Task to complete: Reproduce exactly the lines of this material that begin at the line with "A 19th century" and end at the line with "どの部門とも、ピストバイク、", both included. Omit the pictures and everything else.
──────── Listed records ────────
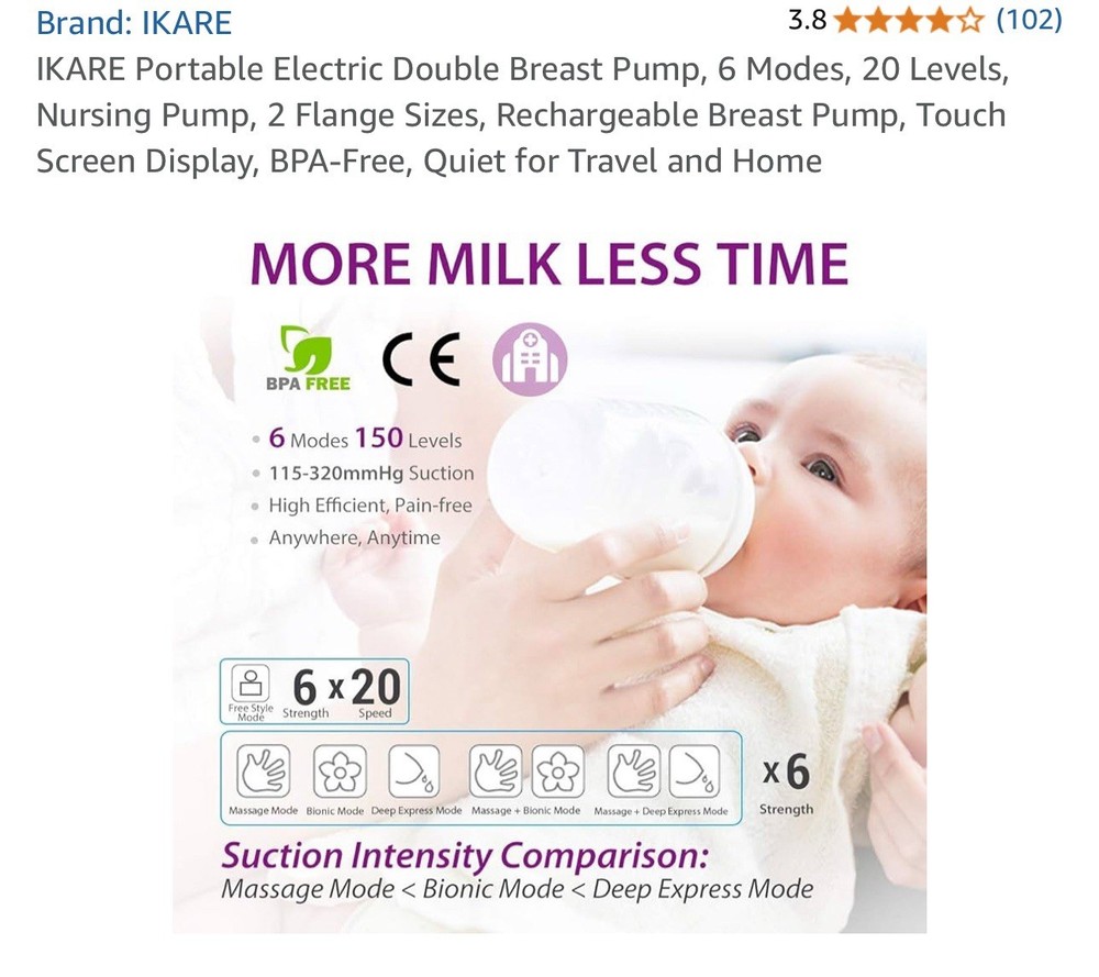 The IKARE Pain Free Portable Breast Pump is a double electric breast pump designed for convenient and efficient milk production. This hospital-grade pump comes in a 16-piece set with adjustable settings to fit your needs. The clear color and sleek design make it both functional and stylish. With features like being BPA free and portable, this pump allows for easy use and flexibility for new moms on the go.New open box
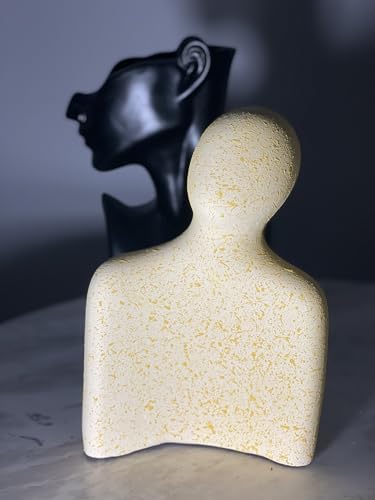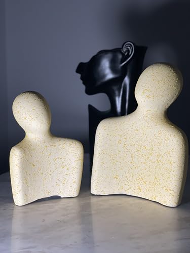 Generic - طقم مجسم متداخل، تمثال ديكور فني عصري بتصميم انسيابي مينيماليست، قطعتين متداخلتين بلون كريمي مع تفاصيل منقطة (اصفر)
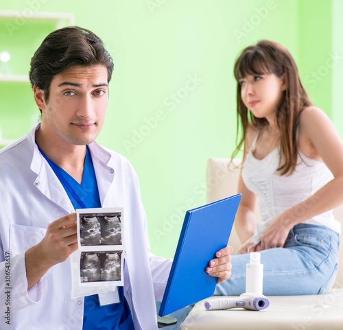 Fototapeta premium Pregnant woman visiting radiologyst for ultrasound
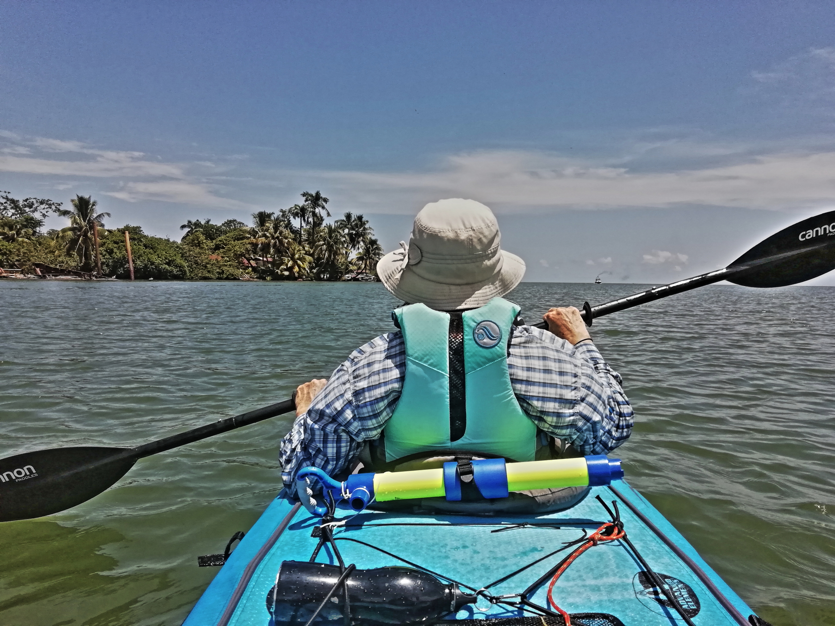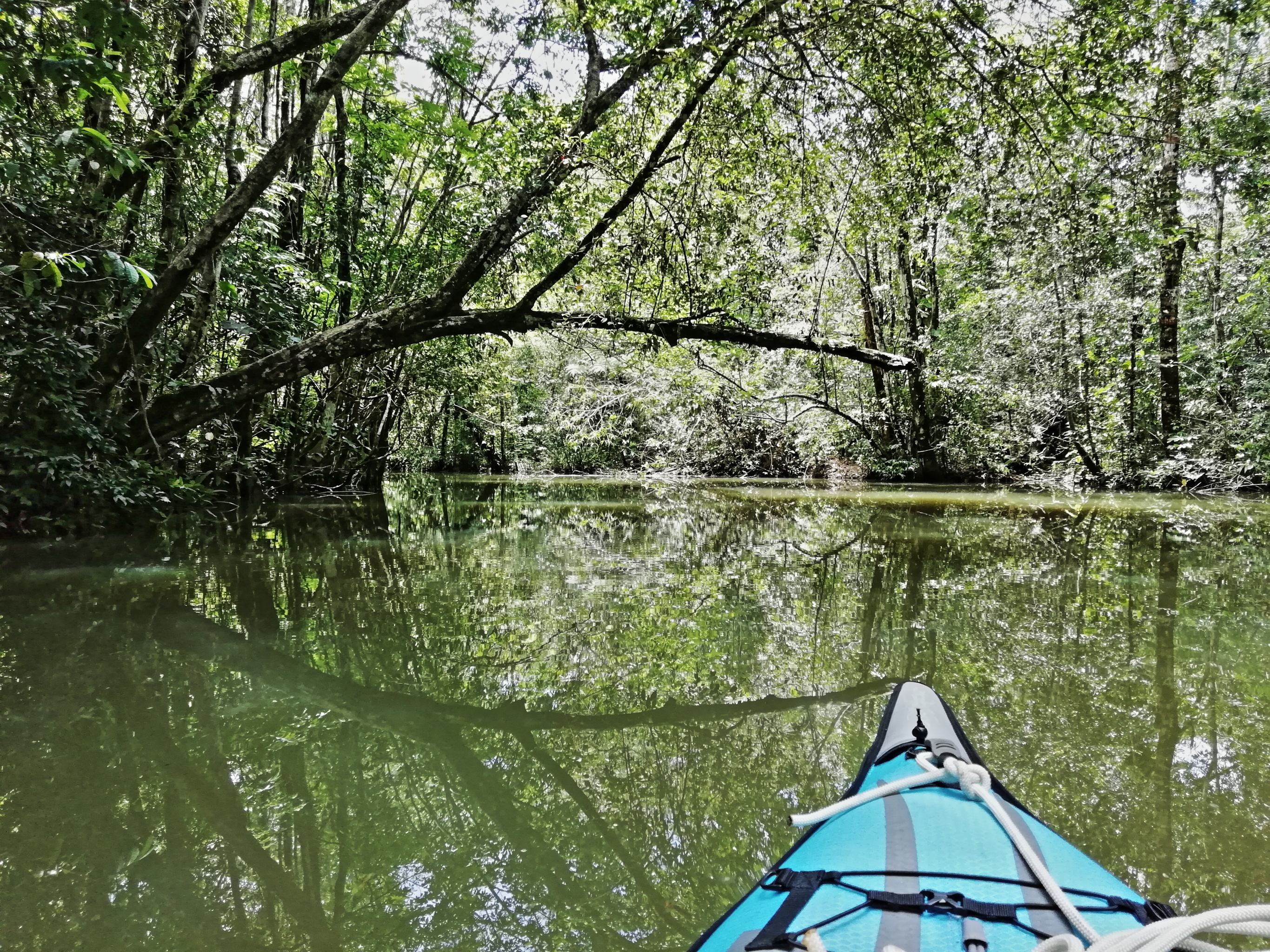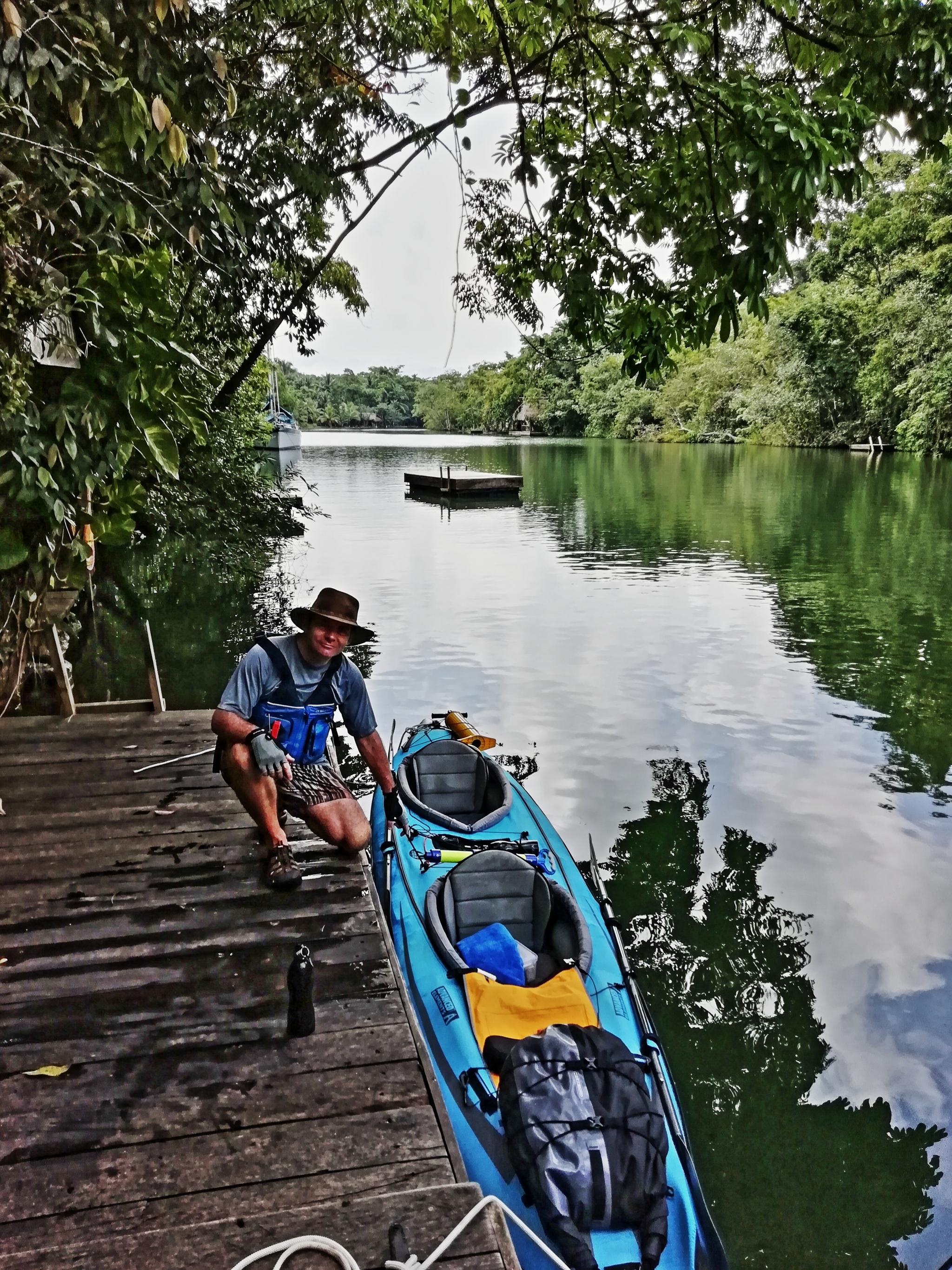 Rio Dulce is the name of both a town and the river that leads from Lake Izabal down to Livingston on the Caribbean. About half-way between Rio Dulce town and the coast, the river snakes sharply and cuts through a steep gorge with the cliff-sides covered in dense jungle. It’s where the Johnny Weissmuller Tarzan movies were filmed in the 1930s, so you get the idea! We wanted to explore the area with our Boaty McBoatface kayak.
────────
──────── Listed records ────────
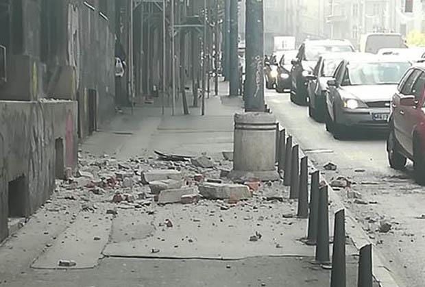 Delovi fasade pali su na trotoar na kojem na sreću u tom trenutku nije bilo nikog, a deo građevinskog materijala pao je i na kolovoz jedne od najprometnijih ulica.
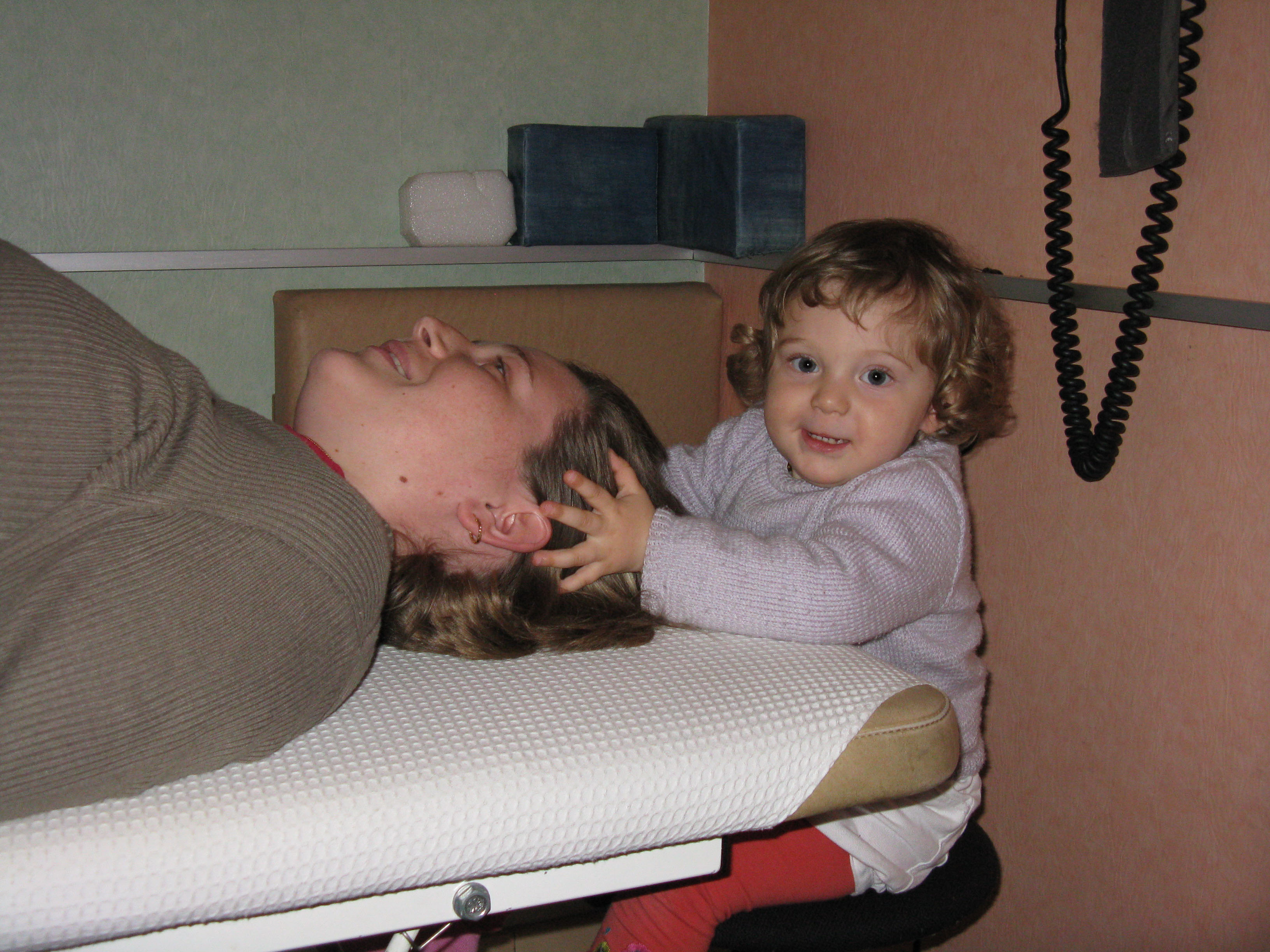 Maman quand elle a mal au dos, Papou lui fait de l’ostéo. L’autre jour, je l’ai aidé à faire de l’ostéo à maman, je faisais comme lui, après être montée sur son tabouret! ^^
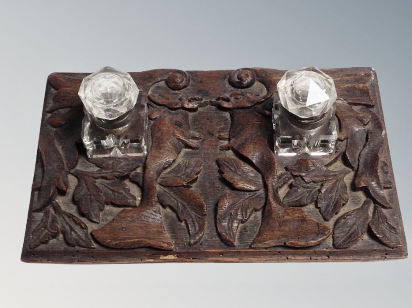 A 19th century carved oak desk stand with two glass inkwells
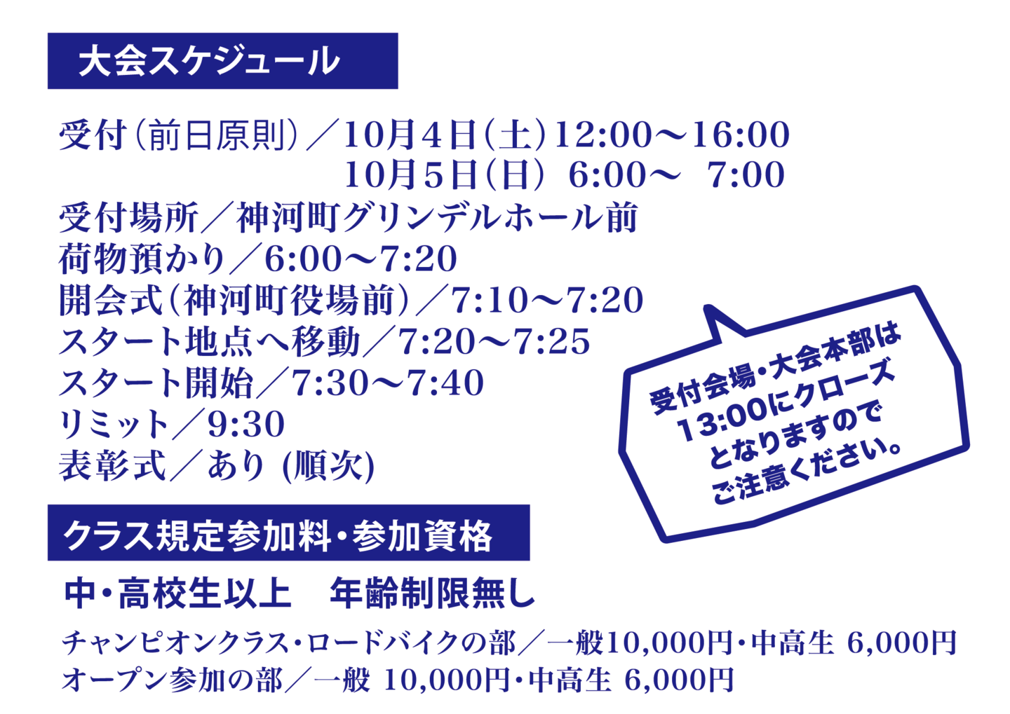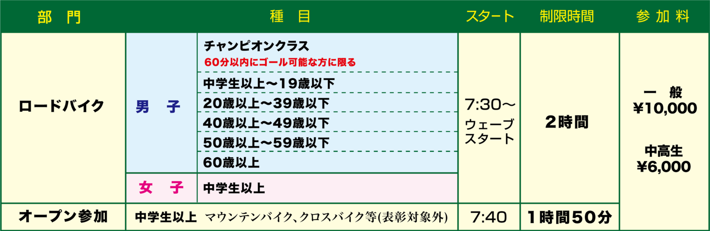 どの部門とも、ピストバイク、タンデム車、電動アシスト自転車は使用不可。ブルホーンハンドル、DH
────────
──────── Listed records ────────
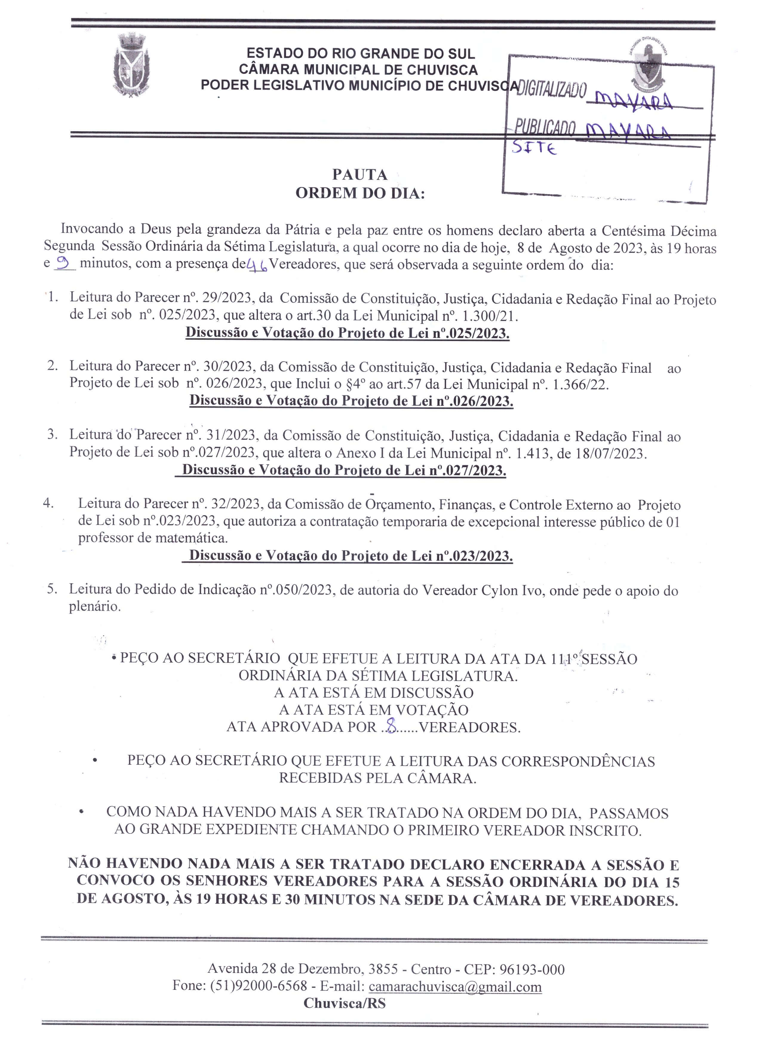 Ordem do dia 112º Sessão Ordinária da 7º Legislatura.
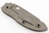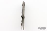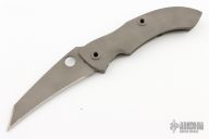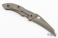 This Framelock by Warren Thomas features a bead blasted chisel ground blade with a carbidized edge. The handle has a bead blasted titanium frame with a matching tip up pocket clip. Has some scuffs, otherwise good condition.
────────
Worked solution:
 A 19th century carved oak desk stand with two glass inkwells
 どの部門とも、ピストバイク、タンデム車、電動アシスト自転車は使用不可。ブルホーンハンドル、DH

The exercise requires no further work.